Negli animali da esperimento, l’estratto acquoso di Hericium erinaceus ha evidenziato capacità gastroprotettive, così come una significativa riduzione delle aree interessate da ulcere indotte. L’analisi immunoistochimica, inoltre, ha dimostrato un’upregulation delle proteine HSP70
e una downregulation delle proteine BAX. In conclusione, questi studi hanno rimarcato come
i composti bioattivi presenti nell’estratto acquoso di Hericium erinaceus possano giocare un
ruolo importante nell’attività gastroprotettiva [79].
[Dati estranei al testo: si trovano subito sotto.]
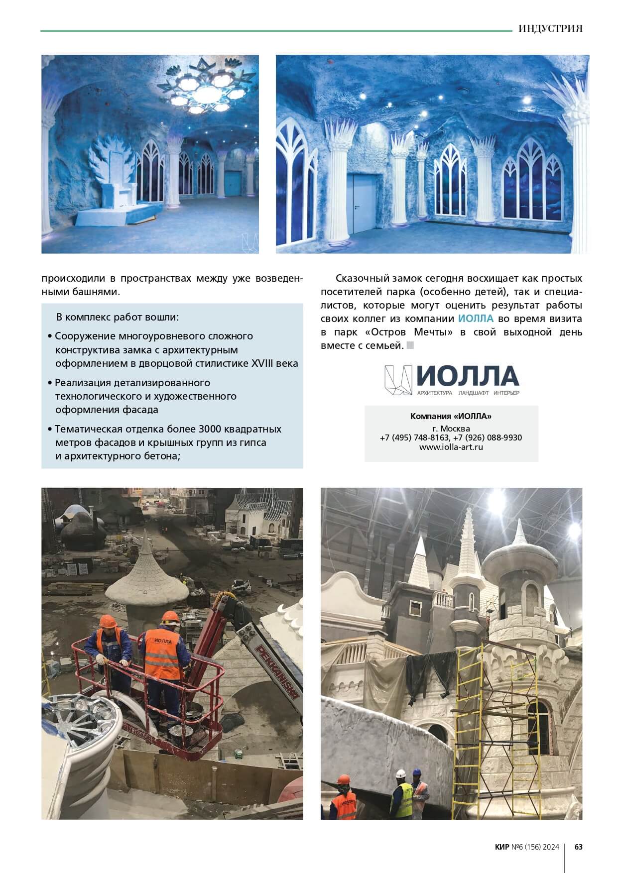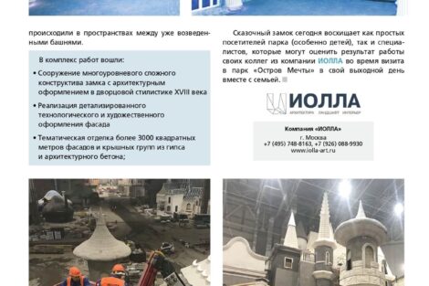 Архитектурно-строительная компания «Иолла» сообщает о публикации в авторитетном «Каталоге индустрии развлечений» («КИР») материала, посвященного завершенному проекту «Замок Снежной Королевы». Журнал отметил качество работ, подход к созданию многофункционального общественного пространства.

In tema di neuroprotezione, l’Hericium erinaceus si è dimostrato in grado di stimolare la sintesi
del Nerve Growth Factor (NGF, fattore di crescita nervoso), con le conseguenti ricadute favorevoli in termini di neurotrofismo e salute neuronale [80,81]. L’Hericium erinaceus si è anche
dimostrato utile nel migliorare il quadro sintomatologico associato al degrado cognitivo lieve
(Mild Cognitive Impairment, MCI), che spesso precede di anni la comparsa della malattia di
Alzheimer [82], contribuendo in generale a un’azione volta a contrastare l’invecchiamento
cerebrale [83].
Nel contesto dell’azione antiproliferativa, sono stati osservati interessanti risultati nel trattamento, ad esempio, di neoplasie gastriche, sia impiegato da solo sia in associazione con farmaci
chemioterapici tradizionali; tuttavia, sono necessari ulteriori studi per individuare i costituenti
chimici attivi e capirne il meccanismo di azione e l’effettiva efficacia antitumorale in vivo [84].
In medicina anti-aging, l’Hericium erinaceus viene tradizionalmente utilizzato:
● per le problematiche gastriche, grazie alla sua attività antinfiammatoria e cicatrizzante e
alla capacità di rigenerazione delle mucose;
● a supporto delle funzioni nervose, dato che vari studi scientifici hanno permesso di identificare composti in grado di attraversare la barriera ematoencefalica e di stimolare la rigenerazione mielinica, così come di esercitare un’attività neurotrofica e neuroprotettiva, favorendo
il mantenimento delle normali funzioni cognitive [85,86];
● nella prevenzione del danno ischemico neuronale [87].
La posologia suggerita in termini di estratto secco puro, ottenuto da corpi fruttiferi selezionati ed essiccati, la cui successiva macinazione ne determina una migliore biodisponibilità, è
compresa in un range tra 800 e 2.000 mg al giorno, suddivisi in due-tre somministrazioni.